Petite, l’histoire présidentielle d’Haïti se résumait à une chanson mnémotechnique. Dé-Chris-Pé-Boy-Hé-Guer-Pierre. Une liste des chefs d’État qui se sont succédés à la tête du pays, dans des circonstances les unes plus rocambolesques que les autres. Ri-Sou-Ge-Sal-Ni-Do-Bois-Sa-Lé. Une liste qui sautait les conseils, comités et autres gouvernments provisoires aux noms les uns plus ubuesques que les autres. Hy-Sam-Al-Ci-Le-Au-Mi. Une liste qui s’arrêtait pour signaler un événement inhabituel, indicateur d’une crise profonde : quatre présidents en deux ans.

C’était un phénomène passionant pour les élèves fascinés que nous étions, d’autant que deux d’entre eux s’appelaient Oreste: Michel Oreste (4 mai 1913-27 janvier 1914) suivi d’Oreste Zamor (8 février 1914-29 octobre 1914), avec, entre eux, mais pas dans la chanson, un Président du Comité de salut public, du nom d’Edmond Polynice (27 janvier 1914-8 février 1914; 29 octobre 1914 6 novembre 1914). Leur succédèrent Joseph Davilmar Théodore et Vilbrun Guillaume Sam dont la présidence à vie de 4 mois et 18 jours se terminera par son assassinat le 28 juillet 1915 et par le débarquement, le lendemain, à Port-au-Prince, des marines américains déjà ancrés dans la rade.

Un Comité révolutionnaire auquel appartenait un certain Edmond Polynice assura l’intérim jusqu’au 11 août 1915. L’attaque du Palais le 26 juillet 1915 avait provoqué, en réaction, le massacre d’une centaine de prisonniers politiques par le redouté général Charles Oscar Étienne – le fameux Chaloska du Carnaval – au cours duquel Polynice avait perdu ses 3 fils. Des fils qu’il vengera le jour même en tuant leur bourreau au Consultat dominicain où il s’était réfugié. Le corps de ce dernier fut ensuite traîné dans les rues de la capitale dans la foulée du quatrième déferlement en deux ans des paysans du Nord-Est – bons Da, cacos et autres zandolit – sur Port-au-Prince. Ce fut le début de ce que l’on nous apprit être la période la plus humiliante de notre histoire nationale : l’occupation américaine.

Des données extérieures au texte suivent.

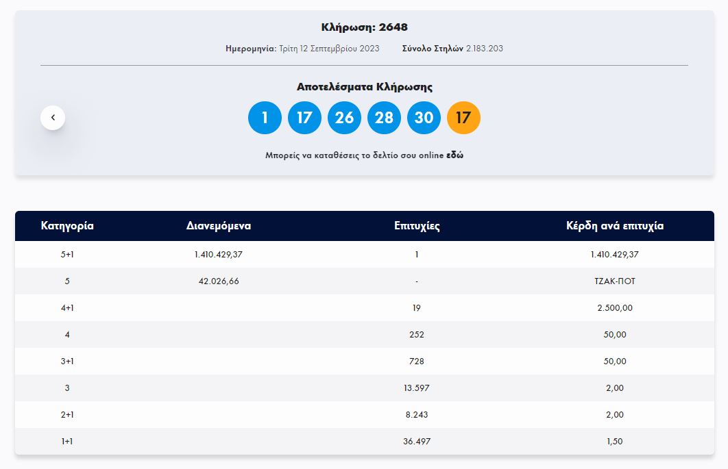 Στην κλήρωση ΤΖΟΚΕΡ, σήμερα Τρίτη 12/9/2023 (αριθμός κλήρωσης 2648), οι τυχεροί αριθμοί ήταν οι εξής:

Depuis quelques jours, les États-Unis d’Amérique s’attèlent à la construction de bases militaires pour accueillir une force multinationale de soutien, presque trois ans après notre dernier assassinat présidentiel. La terreur des gangs sur la population a remplacé celle des paysans du Nord-Est sur les gouvernants. Or, voilà que la grande nouvelle depuis hier est celle d’une présidence tournante du Conseil présidentiel de transition où 4 conseillers-présidents vont se succéder à la présidence – nous dit-on – de séances de travail.

Présider des conseils (de classe, d’école, d’association, de fondation) est un rôle que j’ai moi-même été appelée à jouer plusieurs fois depuis ma tendre enfance, et jamais je n’aurais cru que cela puisse être si important au point de maintenir en suspens la gouvernance d’un pays tout entier. De mémoire, c’était plutôt une tâche que l’on évitait et qui me revenait par défaut parce que j’étais la nerd de service. Voir ces messieurs s’efforcer tant pour une tâche aussi ingrate semble indiquer qu’il y a quelque chose qu’on ne nous dit pas.

D’autant que le Conseil présidentiel de transition n’a toujours pas de mandat officiel. D’autant que les politiques décriés hier sont les mêmes aujourd’hui. D’autant qu’Haïti ne s’est jamais relevée de l’humiliation subie la dernière fois que nous avons eu quatre présidents en deux ans.